## What to produce:
Write out the listing below in its entirety, minus the pictures, without changing a word.

========================

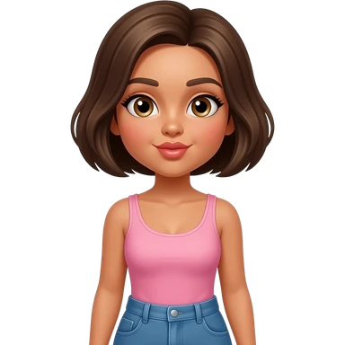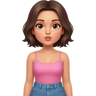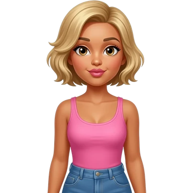 Diva Hazel eyes, tanned skin. Dark blonde very short hair. Pink singlet. Blue jeans. Waist up and blowing kiss. emoji
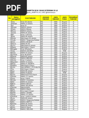 Data SNMPTN UI 2016 by @Halokampus | Indonesia
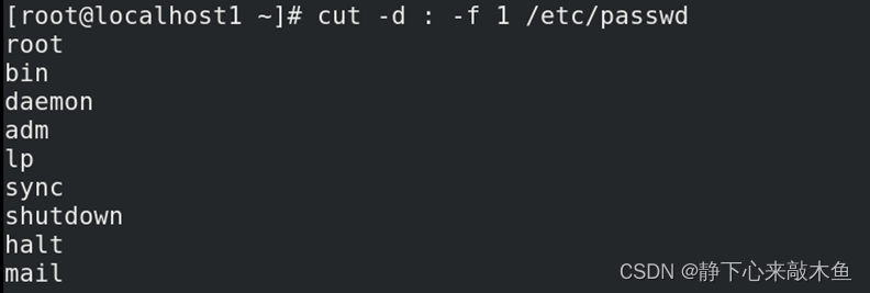 cut -d : -f 1 /etc/passwd 以:为间隔符,显示第一列的信息,提取/etc/passwd文件中用户的名字分别是什么
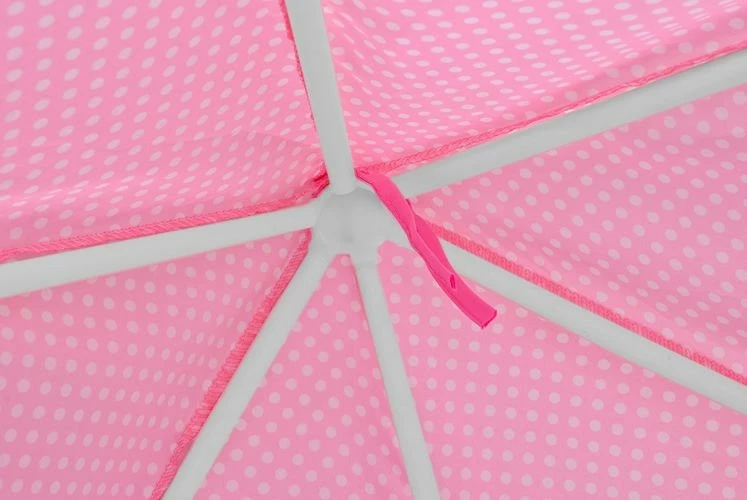 видом. Розовый цвет обшивки и мелкие яркие горошины,
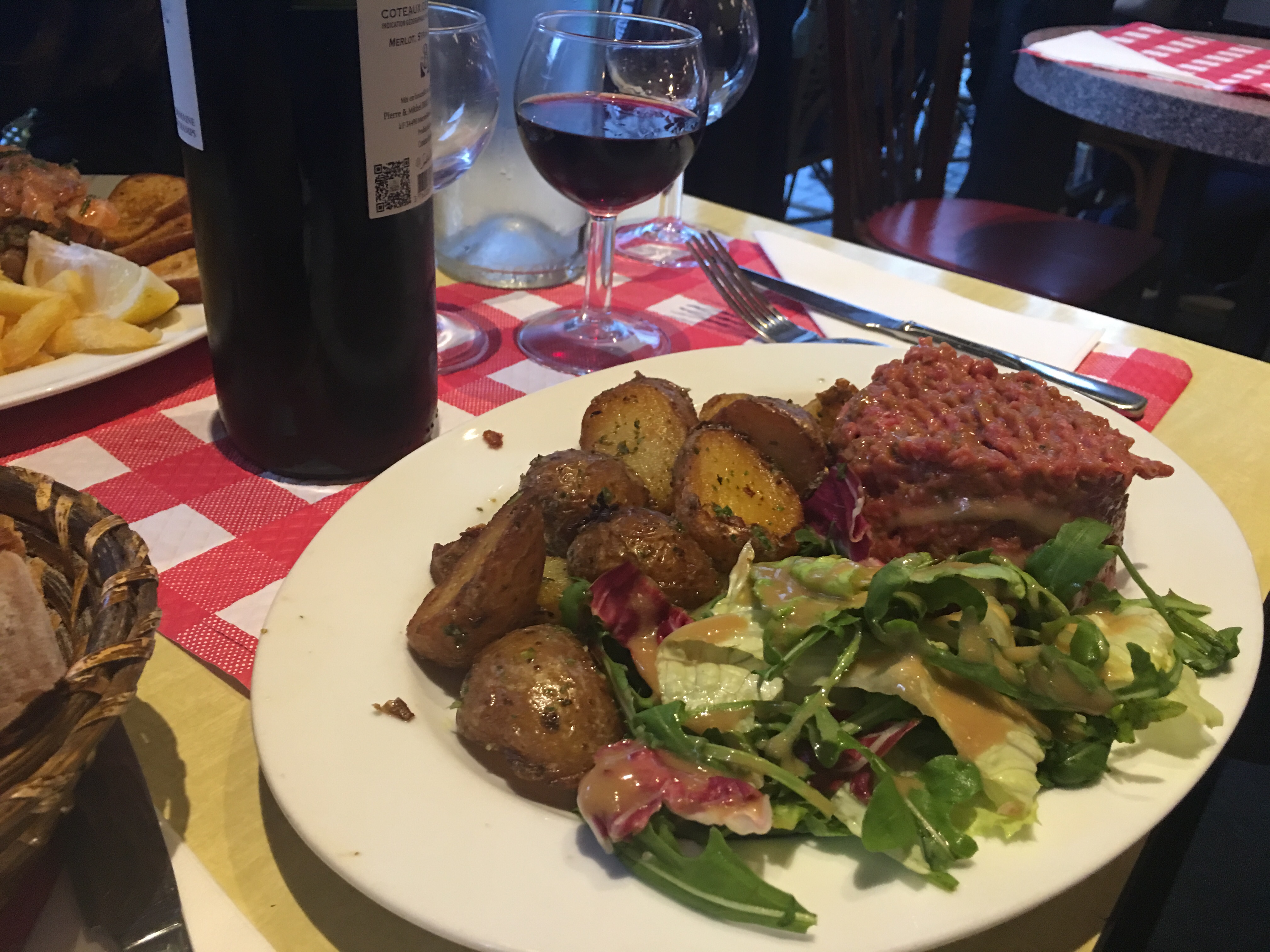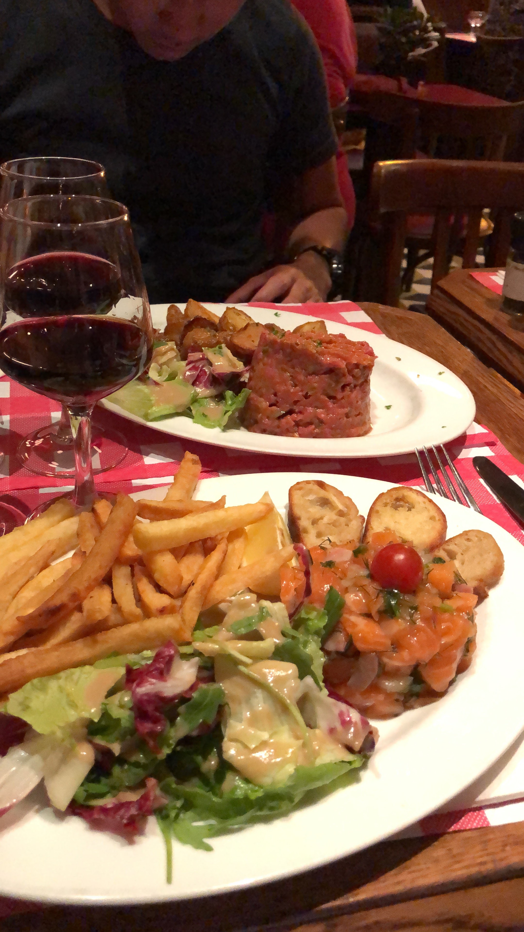 La nourriture était excellente - il y avait le tartare de saumon et mon petit ami avait le tartare de bœuf. Le service était attentionné, mais lorsque nous avons demandé plus de pain, nous avons reçu 4 morceaux à chaque fois, tandis que d'autres tables recevaient des paniers pleins de pain :/ Nous sommes asiatiques (de Singapour), alors peut-être que c'est peut-être la raison pour laquelle.
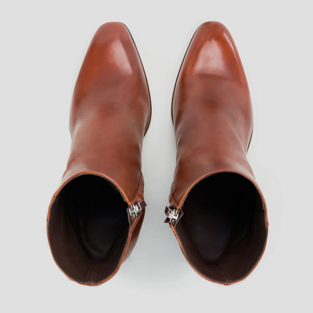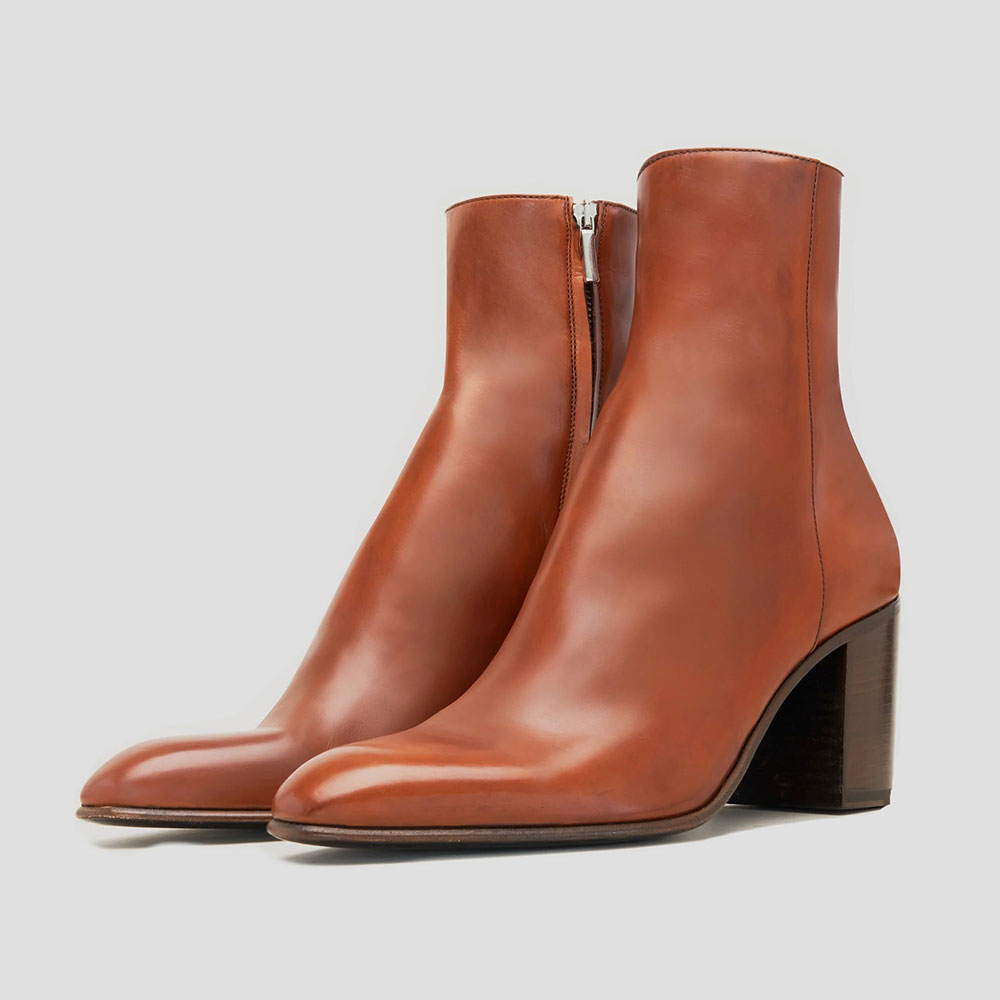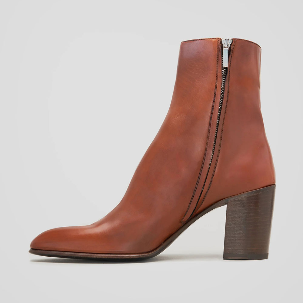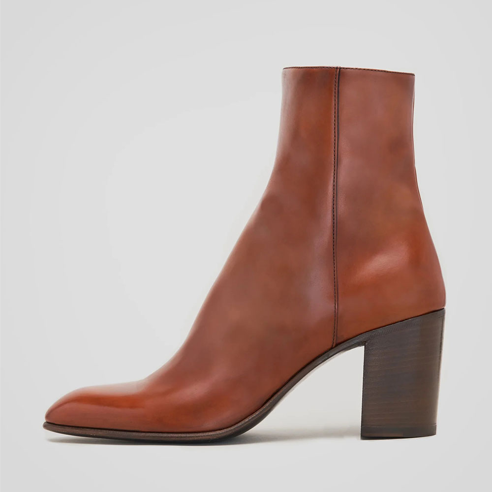 Special Designs: The ankle boots feature a chunky heel, a classic brown color, a side zipper, and an almond-toe design.

========================

## Answer to this exercise:
 Diva Hazel eyes, tanned skin. Dark blonde very short hair. Pink singlet. Blue jeans. Waist up and blowing kiss. emoji
 Data SNMPTN UI 2016 by @Halokampus | Indonesia
 cut -d : -f 1 /etc/passwd 以:为间隔符,显示第一列的信息,提取/etc/passwd文件中用户的名字分别是什么
 видом. Розовый цвет обшивки и мелкие яркие горошины,
 La nourriture était excellente - il y avait le tartare de saumon et mon petit ami avait le tartare de bœuf. Le service était attentionné, mais lorsque nous avons demandé plus de pain, nous avons reçu 4 morceaux à chaque fois, tandis que d'autres tables recevaient des paniers pleins de pain :/ Nous sommes asiatiques (de Singapour), alors peut-être que c'est peut-être la raison pour laquelle.
 Special Designs: The ankle boots feature a chunky heel, a classic brown color, a side zipper, and an almond-toe design.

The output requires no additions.